No pictures go into the output, which should consist only of the lines from the first line of the data through the line with "北京萬科領導親赴北京公司授牌 時間:2010-12-14 5544", copied exactly.

**Information supplied:**

::::

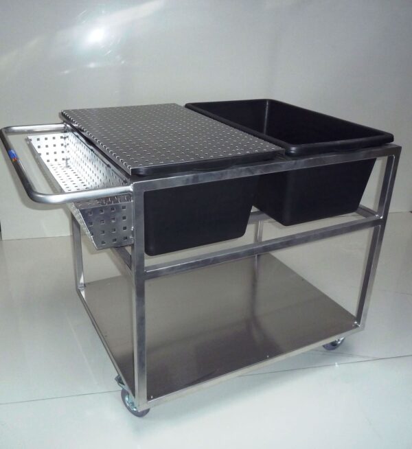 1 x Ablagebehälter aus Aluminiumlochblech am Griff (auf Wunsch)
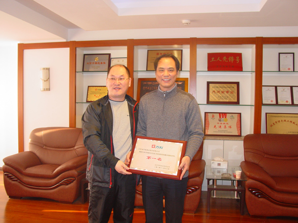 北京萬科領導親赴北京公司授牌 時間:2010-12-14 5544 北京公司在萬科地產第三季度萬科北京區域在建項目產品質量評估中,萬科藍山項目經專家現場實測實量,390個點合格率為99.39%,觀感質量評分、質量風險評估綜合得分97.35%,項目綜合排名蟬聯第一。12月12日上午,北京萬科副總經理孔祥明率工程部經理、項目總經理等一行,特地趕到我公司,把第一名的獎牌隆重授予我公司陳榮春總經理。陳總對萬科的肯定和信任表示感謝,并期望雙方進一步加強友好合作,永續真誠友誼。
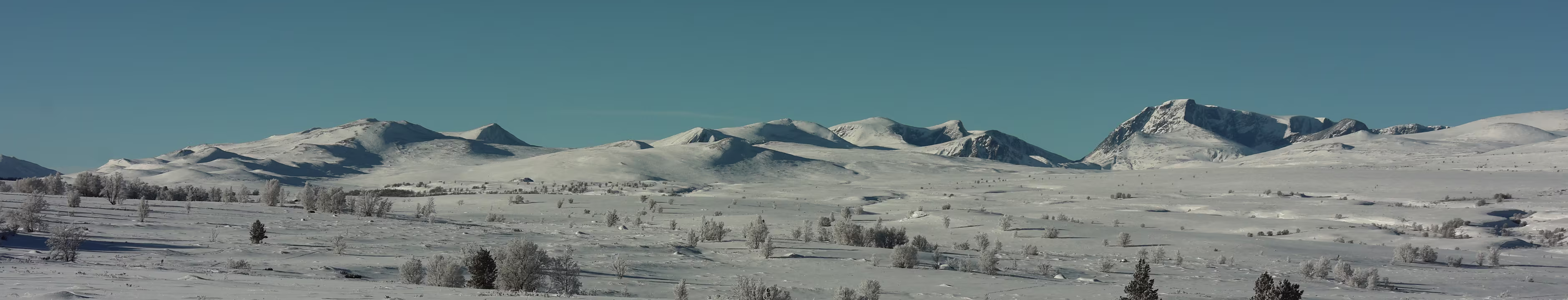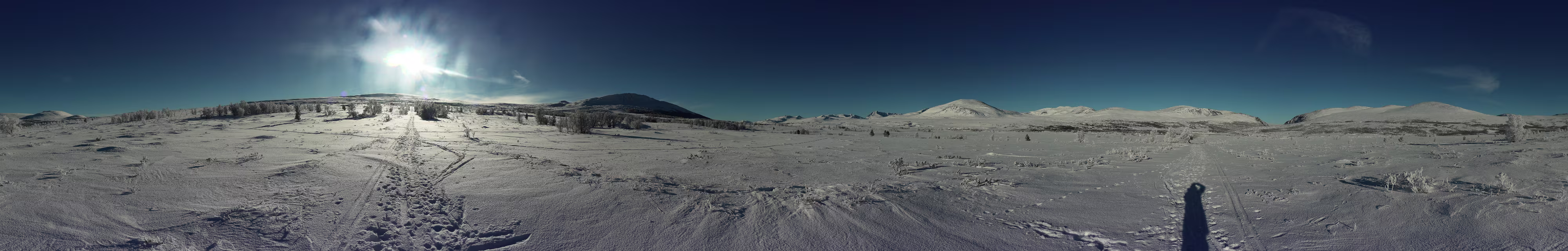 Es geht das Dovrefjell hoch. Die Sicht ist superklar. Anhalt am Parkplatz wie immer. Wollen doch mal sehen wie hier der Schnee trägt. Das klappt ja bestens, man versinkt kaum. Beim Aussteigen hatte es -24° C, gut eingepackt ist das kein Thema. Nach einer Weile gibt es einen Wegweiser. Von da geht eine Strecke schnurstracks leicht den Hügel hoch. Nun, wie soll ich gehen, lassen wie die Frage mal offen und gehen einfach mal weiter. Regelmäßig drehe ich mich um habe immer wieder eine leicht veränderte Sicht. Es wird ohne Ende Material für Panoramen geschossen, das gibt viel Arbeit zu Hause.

::::

**Completed exercise:**
 1 x Ablagebehälter aus Aluminiumlochblech am Griff (auf Wunsch)
 北京萬科領導親赴北京公司授牌 時間:2010-12-14 5544 北京公司在萬科地產第三季度萬科北京區域在建項目產品質量評估中,萬科藍山項目經專家現場實測實量,390個點合格率為99.39%,觀感質量評分、質量風險評估綜合得分97.35%,項目綜合排名蟬聯第一。12月12日上午,北京萬科副總經理孔祥明率工程部經理、項目總經理等一行,特地趕到我公司,把第一名的獎牌隆重授予我公司陳榮春總經理。陳總對萬科的肯定和信任表示感謝,并期望雙方進一步加強友好合作,永續真誠友誼。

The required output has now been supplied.